There are few studies conducted on the fungal ecology of the Shandong peninsula. A study on aquatic fungi in China revealed various fungal species isolated from different hosts from Shandong province; Arenariomyces trifurcata Höhnk, Buergenerula spartinae J. Kohlmerer & R.V. Gessner, Corollospora maritima Werderm., Dryosphaera navigans Jørg. Koch & E.B.G. Jones, Halosphaeriopsis mediosetigera (A.B. Cribb & J.W. Cribb) T.W. Johnson, Lignincola laevis Höhnk, Monosporascus cannonballus Pollack & Uecker, Natantispora retorquens (C.A. Shearer & J.L. Crane) J. Campb., J.L. Anderson & C.A. Shearer, Pleospora betae Björl., Pleospora spartinae (J. Webster & M.T. Lucas) Apinis & Chesters, Pleospora vitalbae (De Not.) Berl., Tetraploa aristata Berk. & Broome, Torula herbarum (Pers.) Link, Torpedospora radiata Meyers, Trichocladium achrasporum Meyers & R.T. Moore) M. Dixon ex Shearer & J.L. Crane, Zalerion maritimum (Linder) Anastasiou, Zalerion varium Anastasiou from driftwood; Ceriosporopsis halima Linder from bamboo; Passeriniella obiones (P. Crouan & H. Crouan) K.D. Hyde & Mouzouras from straw; Torpedospora radiata Meyers from drift bamboo as marine Ascomycetes [24], and Nia vibrissa R.T. Moore & S. P. Meyers from driftwood as marine Basidiomycetes [24], and Alternaria maritima G.K. Sutherl. from driftwood as marine Hyphomycetes [24]. Shandong province is also famous for economically important fungal resources, 182 taxa of wild edible and medicinal fungi belong to 39 families, and 80 genera are reported [25]. Agaricus silvaticus Schaeff., Agaricus silvicola (Vittad.) Peck, Ganoderma lingzhi Sheng H. Wu, Y. Cao & Y.C. Dai, Grifola frondosa (Dicks.) Gray, Lactarius deliciosus L., Lactarius subvellereus Peck, Perenniporia fraxinea (Bull.) Ryvarden, Pholiota adipose (Batsch) P. Kumm., Schizophyllum commune Fr., Suillus bovinus (L.) Roussel, Suillus granulatus (L.) Roussel, Xerocomellus chrysenteron (Bull.) Šutara, and Xerula radicata (Relhan) Dörfelt, are among edible fungi [25]. Further, Leptosphaeria agnita (Desm.) Ces. & De Not., L. dumetorum Niessl, L. eustomoides Sacc., and L. solani Romell ex Berl. were isolated from deadwood materials as saprophytic fungi from Shandong Peninsula [26]. There are no previous records on the occurrence of Nigrospora species from the Shandong peninsula.

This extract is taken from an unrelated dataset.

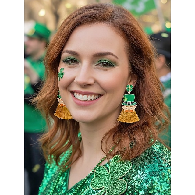 Örhängen med tofsmotiv för kvinnor, pysslinghatt och shamrockdesign, statement-örhängen i legering, roliga festliga irländska festsmycken för kvinnor

Among the five Nigrospora species reported in this study, N. oryzae, N. osmanthi, and N. sphaerica were recorded frequently as pathogenic on a broader range of host plants (Table 1). Even though the pathogenic behavior of N. oryzae is prominent, in most cases it is identified as a weak pathogen [27,28]. Spore dispersal of Nigrospora is aided by the wind, rain splash and insect vectors [29] supporting a rapid spread of the disease. The presence of a sticky mucilaginous substance was observed on discharged spores [30]. It has been hypothesized that this mucilaginous substance facilitates adherence to the host substrate or to a vector, such as mites as a successful spore dispersal mechanism. Since Nigrospora infections occur easily on weakened or wounded plants, spore dispersal through vectors is an added advantage on disease establishment. Nigrospora sphaerica isolated from Blueberry (Vaccinium corymbosum) leaf spots, twigs and shoot blight was identified as a pathogen that penetrates the host plant through wounds caused by insects or abiotic frost damages [31]. Previously, it was believed that Nigrospora was limited to monocotyledonous hosts [9], but later studies revealed it can occur on a diverse range of hosts and the pathogenicity of Nigrospora alerts the concerns on agronomy and forestry management. Molecular phylogeny guided species identification would be essential in developing effective bio-control measures against these species. Here, we extend the known host range of five species in Nigrospora.

Funding Statement

This project was funded by the Project of Regional collaborative innovation of Beijing Academy of Agriculture and Forestry Sciences [grant No. KJCX20170709].

Disclosure statement

No potential conflict of interest was reported by the author(s).

Data availability

The data that supports the findings of this study are openly available in GenBank and TreeBase public repositories. The GenBank accession numbers and the TreeBase submission number are given within the article.